Hi all. I’m trying to get some of our object detection models working on the TX2. Most of our models are in the keras h5 format. We’re trying to get to a point where we can load these models on our TX2 and do inference. So far I’ve followed an nvidia guide to setup cuda and tensorrt (and as far as I can tell both are present and functional) and for installing tensorflow. From there I tried following this guide to convert our model into a tensor rt compatible format (Tensorflow 2, using savedmodel). The model seems to save and load (though it takes a long time) just fine as far as I can tell. When I try to run inference, however, I get an error saying that too many resources were requested.
> tensorflow.python.framework.errors_impl.InvalidArgumentError: cannot compute __inference_signature_wrapper_65074 as input #0(zero-based) was expected to be a float tensor but is a double tensor [Op:__inference_signature_wrapper_65074]
> >>> f(single_class_input=arr.astype("float32"))

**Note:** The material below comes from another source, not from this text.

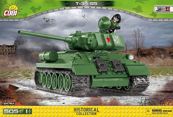Miniaturowy pojazd z klocków konstrukcyjnych COBI posiada liczne ruchome części takie jak otwierane włazy, ruchomy karabin maszynowy, czy obracające się koła i gąsienice. Włazy załogi i klapy serwisowe można otwierać, by m.in. zajrzeć do silnika pojazdu. Obrotowa wieża i ruchome działo to dodatkowe atuty tego modelu. Zaletą jest także bardzo solidna konstrukcja, która w wyjątkowy sposób odzwierciedla oryginalne kształty swego historycznego pierwowzoru. Model czołgu T-34/85 znakomicie sprawdzi się jako zabawka, ale także wyjątkowy element każdej kolekcji fana militariówi broni pancernej. W zestawie jest dostępna figurka radzieckiego dowódcy czołgu uzbrojonego w pistolet maszynowy PPSH. Pojazd jest odświeżoną i poprawioną wersją modelu zawierającą nowe kształty klocków i rozwiązania konstrukcyjne (edycja grudzień 2018).
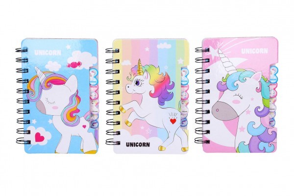 Poznámkový blok/notes Jednorožec kroužkový linkovaný 57 stran 3 barvy 10x14cm v sáčku

> 2021-04-13 23:10:41.654211: I tensorflow/compiler/tf2tensorrt/common/utils.cc:58] Linked TensorRT version: 7.1.3
> 2021-04-13 23:10:41.895634: I tensorflow/stream_executor/platform/default/dso_loader.cc:49] Successfully opened dynamic library libnvinfer.so.7
> 2021-04-13 23:10:41.895849: I tensorflow/compiler/tf2tensorrt/common/utils.cc:60] Loaded TensorRT version: 7.1.3
> 2021-04-13 23:10:41.914211: I tensorflow/stream_executor/platform/default/dso_loader.cc:49] Successfully opened dynamic library libnvinfer_plugin.so.72021-04-13 23:11:28.899038: F tensorflow/core/kernels/image/[resize_bilinear_op_gpu.cu.cc:447](http://resize_bilinear_op_gpu.cu.cc:447/)] Non-OK-status: GpuLaunchKernel(kernel, config.block_count, config.thread_per_block, 0, d.stream(), config.virtual_thread_count, images.data(), height_scale, width_scale, batch, in_height, in_width, channels, out_height, out_width, output.data()) status: Internal: too many resources requested for launch
Note that I’ve tried this with both F32 and F16. Usually at this point the process hangs for a while, and then crashes saying “Aborted (core dumped)”. I’m not quite sure where to go from here. The model is based on mobilenet v2 and is pretty small (2 million params or whereabouts). Any idea where things might be going wrong?